***** Information provided *****

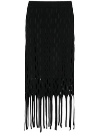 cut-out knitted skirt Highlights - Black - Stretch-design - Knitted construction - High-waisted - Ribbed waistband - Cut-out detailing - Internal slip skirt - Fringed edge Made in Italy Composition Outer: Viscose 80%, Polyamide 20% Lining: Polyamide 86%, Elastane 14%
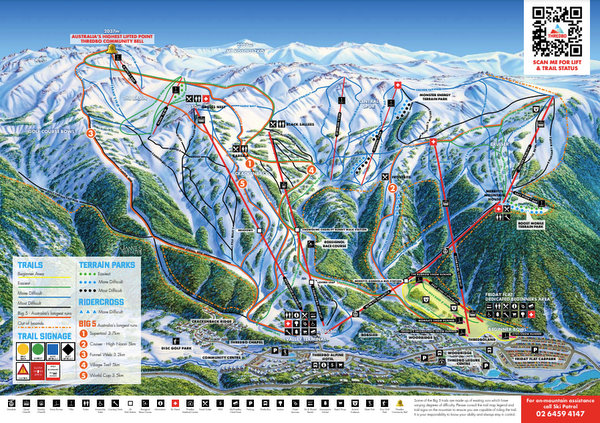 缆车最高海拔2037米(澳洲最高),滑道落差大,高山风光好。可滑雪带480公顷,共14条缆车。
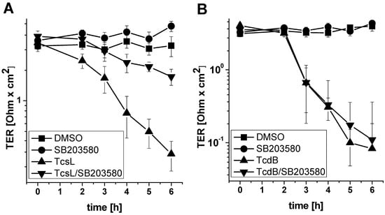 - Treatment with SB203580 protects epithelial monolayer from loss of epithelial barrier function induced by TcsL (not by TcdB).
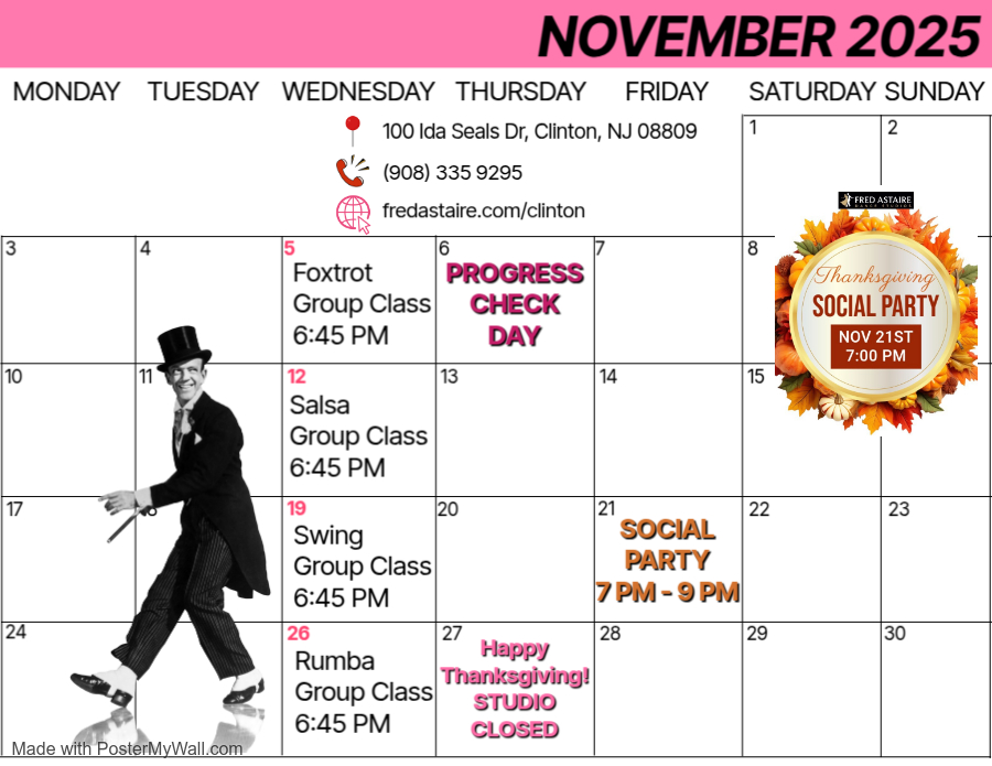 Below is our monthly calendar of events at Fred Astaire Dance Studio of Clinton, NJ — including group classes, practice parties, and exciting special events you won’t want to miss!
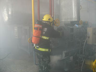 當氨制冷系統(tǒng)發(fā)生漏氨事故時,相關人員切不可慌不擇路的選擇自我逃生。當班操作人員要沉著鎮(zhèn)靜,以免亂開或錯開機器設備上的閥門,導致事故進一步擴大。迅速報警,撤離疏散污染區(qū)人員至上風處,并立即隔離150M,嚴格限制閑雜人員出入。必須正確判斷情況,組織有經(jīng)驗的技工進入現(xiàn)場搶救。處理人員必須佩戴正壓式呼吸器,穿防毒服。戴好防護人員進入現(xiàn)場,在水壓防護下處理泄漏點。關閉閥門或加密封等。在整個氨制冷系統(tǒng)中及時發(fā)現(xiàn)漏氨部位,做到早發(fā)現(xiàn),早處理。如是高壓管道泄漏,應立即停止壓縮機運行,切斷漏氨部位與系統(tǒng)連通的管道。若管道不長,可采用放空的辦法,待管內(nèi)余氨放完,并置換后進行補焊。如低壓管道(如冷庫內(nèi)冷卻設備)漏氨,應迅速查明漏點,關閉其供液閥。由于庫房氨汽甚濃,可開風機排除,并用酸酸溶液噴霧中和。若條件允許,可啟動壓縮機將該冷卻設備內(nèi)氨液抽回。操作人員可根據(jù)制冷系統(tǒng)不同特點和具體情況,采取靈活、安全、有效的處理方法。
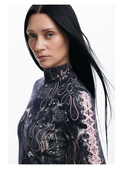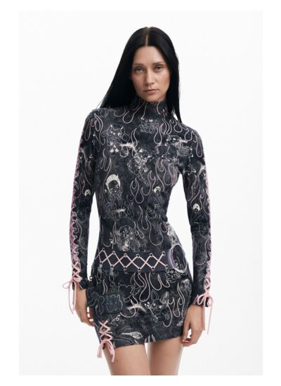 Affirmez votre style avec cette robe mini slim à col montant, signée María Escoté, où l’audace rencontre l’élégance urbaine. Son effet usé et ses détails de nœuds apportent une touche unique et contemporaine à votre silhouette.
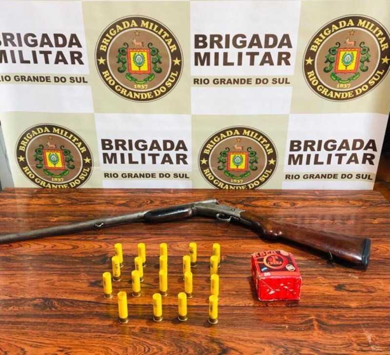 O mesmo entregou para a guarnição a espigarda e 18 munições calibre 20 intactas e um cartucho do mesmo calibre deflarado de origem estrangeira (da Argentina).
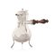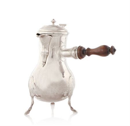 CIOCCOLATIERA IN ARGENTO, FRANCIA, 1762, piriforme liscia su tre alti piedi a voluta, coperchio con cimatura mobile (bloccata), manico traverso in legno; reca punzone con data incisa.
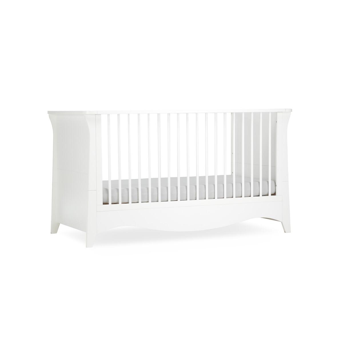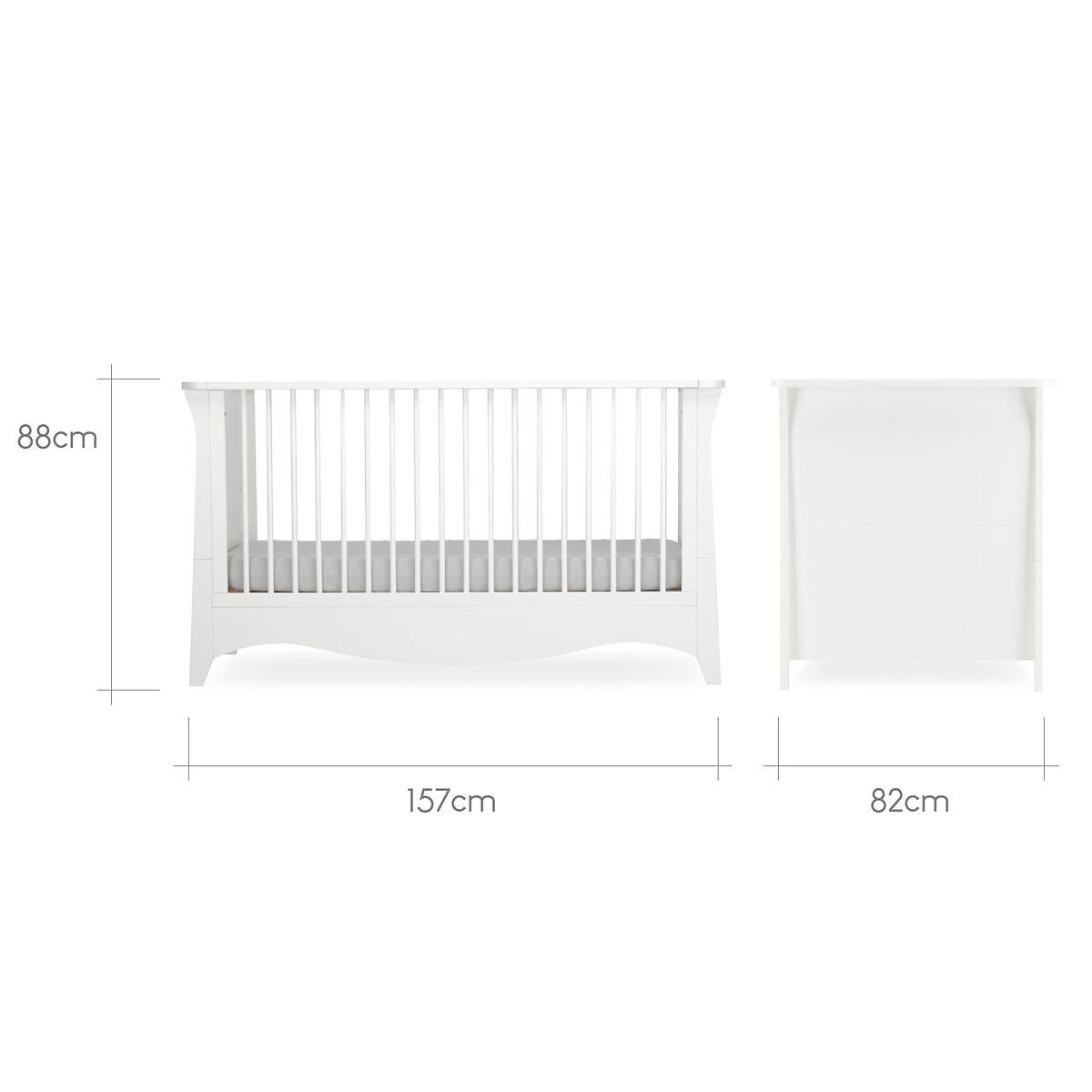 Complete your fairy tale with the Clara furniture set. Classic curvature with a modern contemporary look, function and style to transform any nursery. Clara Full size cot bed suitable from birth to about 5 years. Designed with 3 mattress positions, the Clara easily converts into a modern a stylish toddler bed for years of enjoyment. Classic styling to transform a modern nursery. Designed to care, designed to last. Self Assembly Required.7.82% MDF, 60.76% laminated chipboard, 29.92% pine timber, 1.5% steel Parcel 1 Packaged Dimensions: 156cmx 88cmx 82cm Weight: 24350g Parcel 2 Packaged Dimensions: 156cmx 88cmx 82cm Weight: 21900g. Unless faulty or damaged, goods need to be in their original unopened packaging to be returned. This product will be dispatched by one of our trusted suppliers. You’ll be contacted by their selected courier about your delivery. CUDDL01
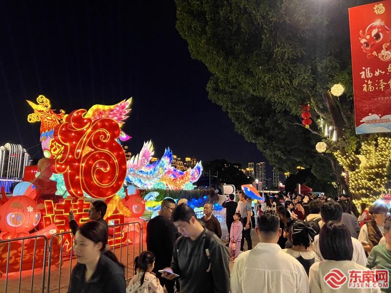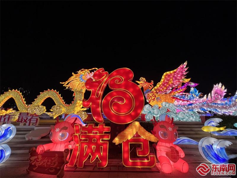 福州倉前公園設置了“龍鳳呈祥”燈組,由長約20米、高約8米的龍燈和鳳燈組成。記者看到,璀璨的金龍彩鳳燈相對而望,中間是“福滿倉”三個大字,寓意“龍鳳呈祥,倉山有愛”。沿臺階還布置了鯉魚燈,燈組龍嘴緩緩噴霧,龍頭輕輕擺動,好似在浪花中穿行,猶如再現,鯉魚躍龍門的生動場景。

*****
***** Information provided *****

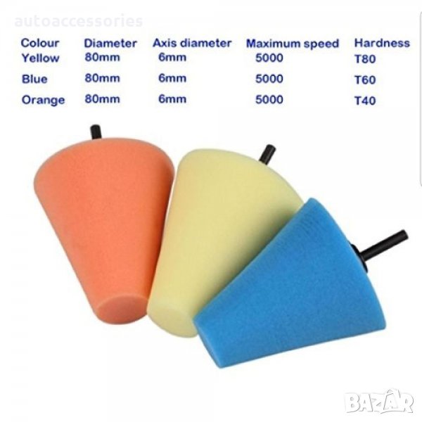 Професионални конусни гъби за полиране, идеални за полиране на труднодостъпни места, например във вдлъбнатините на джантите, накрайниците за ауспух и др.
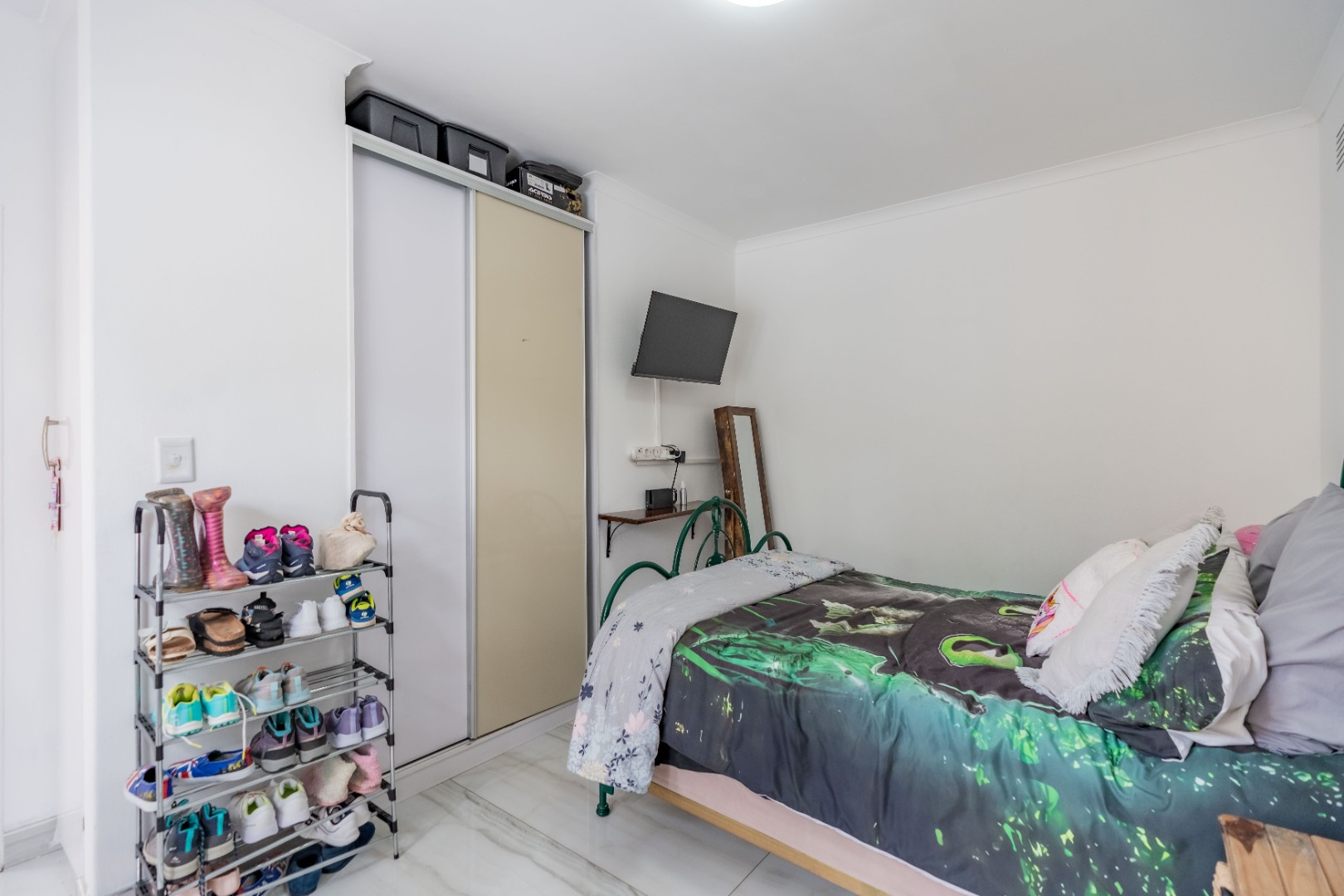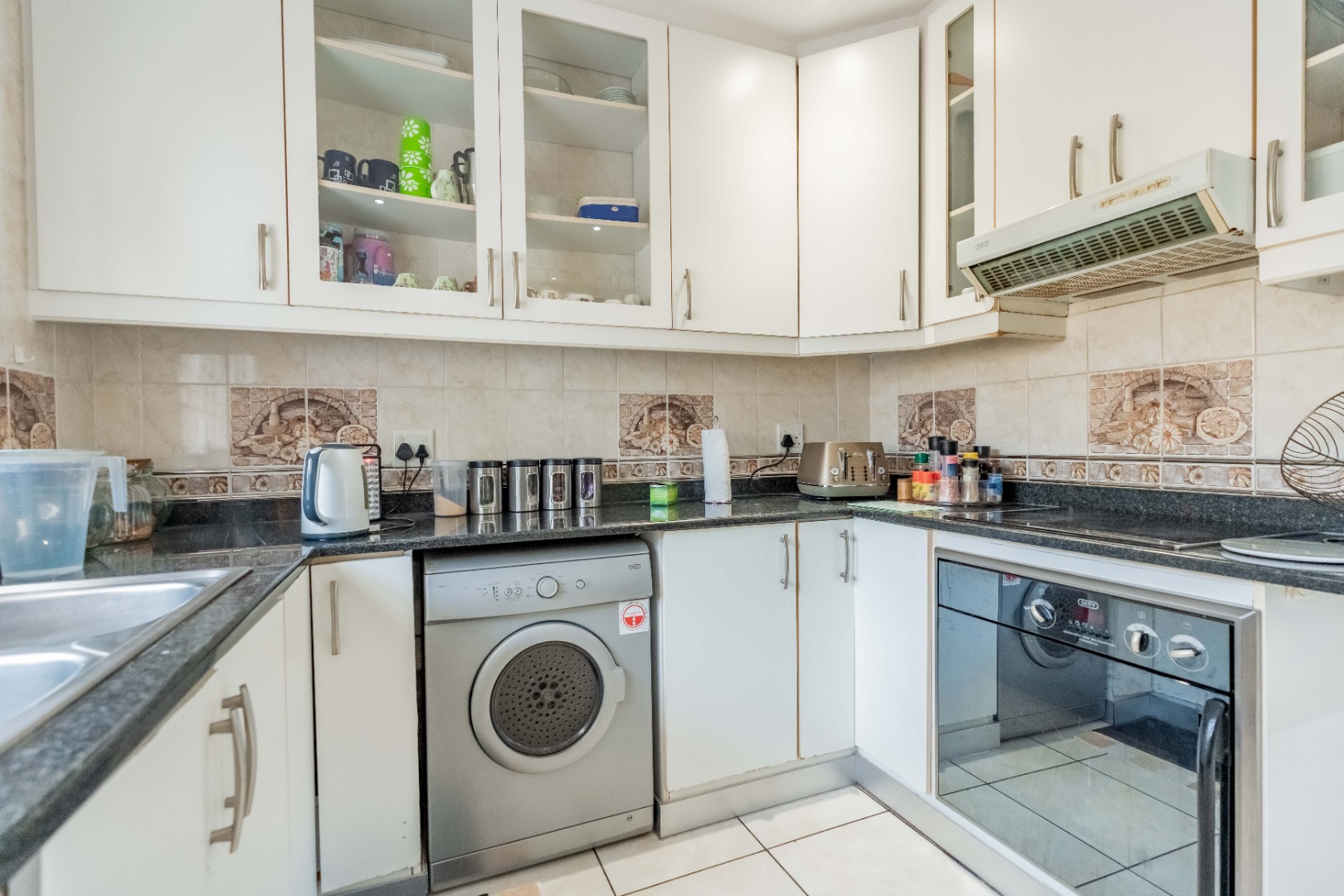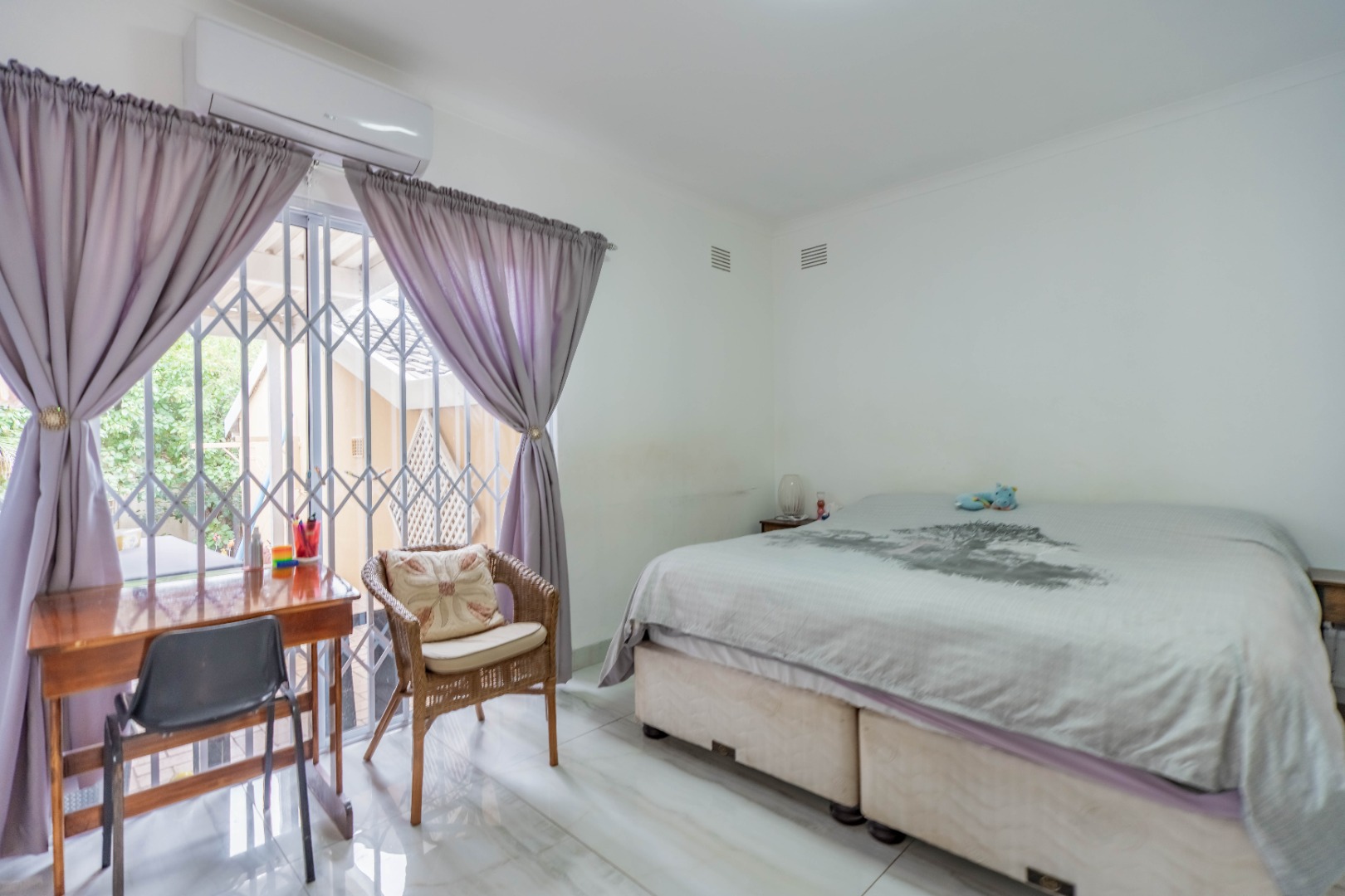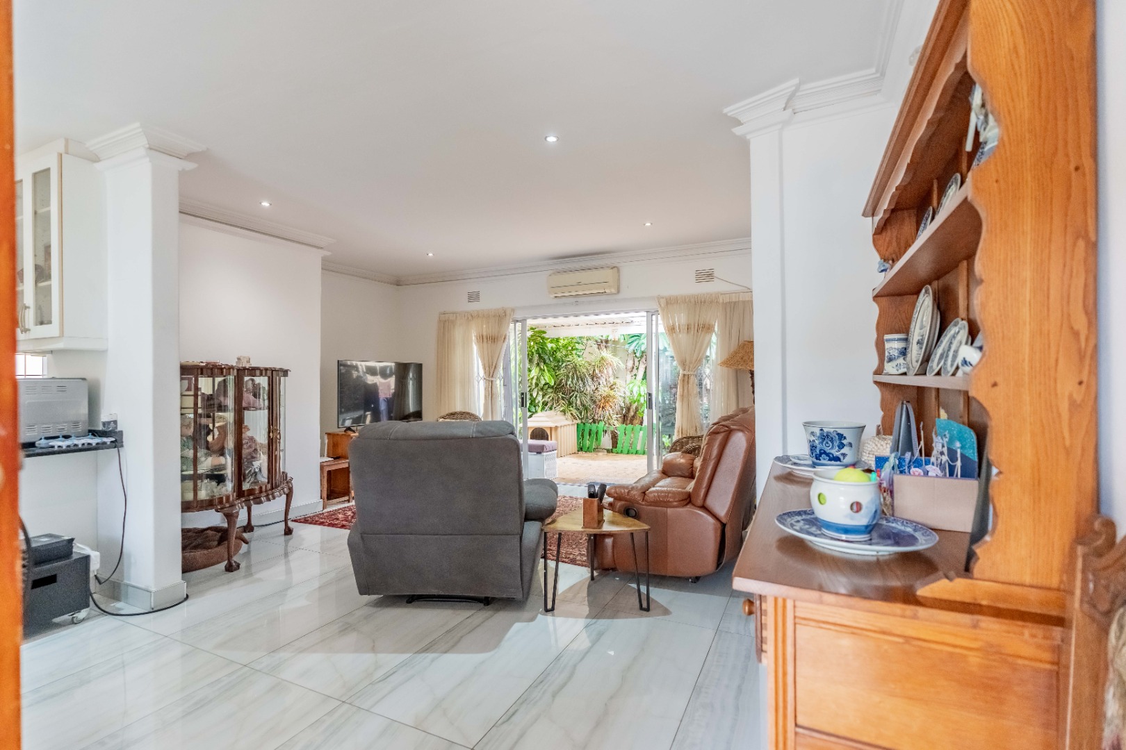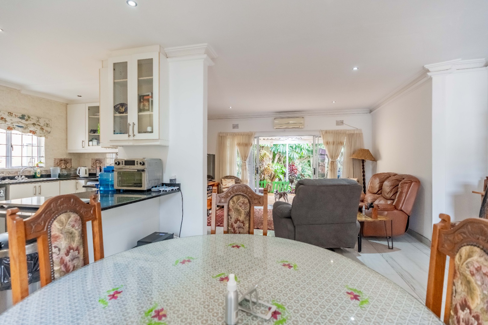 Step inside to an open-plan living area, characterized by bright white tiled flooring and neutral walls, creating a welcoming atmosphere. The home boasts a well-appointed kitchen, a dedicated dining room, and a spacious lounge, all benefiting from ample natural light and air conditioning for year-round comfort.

*****

Output exactly the lines above that lie between the line with "Below is our" and the line with "O mesmo entregou", those two lines included, and no pictures.

The answer
 Below is our monthly calendar of events at Fred Astaire Dance Studio of Clinton, NJ — including group classes, practice parties, and exciting special events you won’t want to miss!
 當氨制冷系統(tǒng)發(fā)生漏氨事故時,相關人員切不可慌不擇路的選擇自我逃生。當班操作人員要沉著鎮(zhèn)靜,以免亂開或錯開機器設備上的閥門,導致事故進一步擴大。迅速報警,撤離疏散污染區(qū)人員至上風處,并立即隔離150M,嚴格限制閑雜人員出入。必須正確判斷情況,組織有經(jīng)驗的技工進入現(xiàn)場搶救。處理人員必須佩戴正壓式呼吸器,穿防毒服。戴好防護人員進入現(xiàn)場,在水壓防護下處理泄漏點。關閉閥門或加密封等。在整個氨制冷系統(tǒng)中及時發(fā)現(xiàn)漏氨部位,做到早發(fā)現(xiàn),早處理。如是高壓管道泄漏,應立即停止壓縮機運行,切斷漏氨部位與系統(tǒng)連通的管道。若管道不長,可采用放空的辦法,待管內(nèi)余氨放完,并置換后進行補焊。如低壓管道(如冷庫內(nèi)冷卻設備)漏氨,應迅速查明漏點,關閉其供液閥。由于庫房氨汽甚濃,可開風機排除,并用酸酸溶液噴霧中和。若條件允許,可啟動壓縮機將該冷卻設備內(nèi)氨液抽回。操作人員可根據(jù)制冷系統(tǒng)不同特點和具體情況,采取靈活、安全、有效的處理方法。
 Affirmez votre style avec cette robe mini slim à col montant, signée María Escoté, où l’audace rencontre l’élégance urbaine. Son effet usé et ses détails de nœuds apportent une touche unique et contemporaine à votre silhouette.
 O mesmo entregou para a guarnição a espigarda e 18 munições calibre 20 intactas e um cartucho do mesmo calibre deflarado de origem estrangeira (da Argentina).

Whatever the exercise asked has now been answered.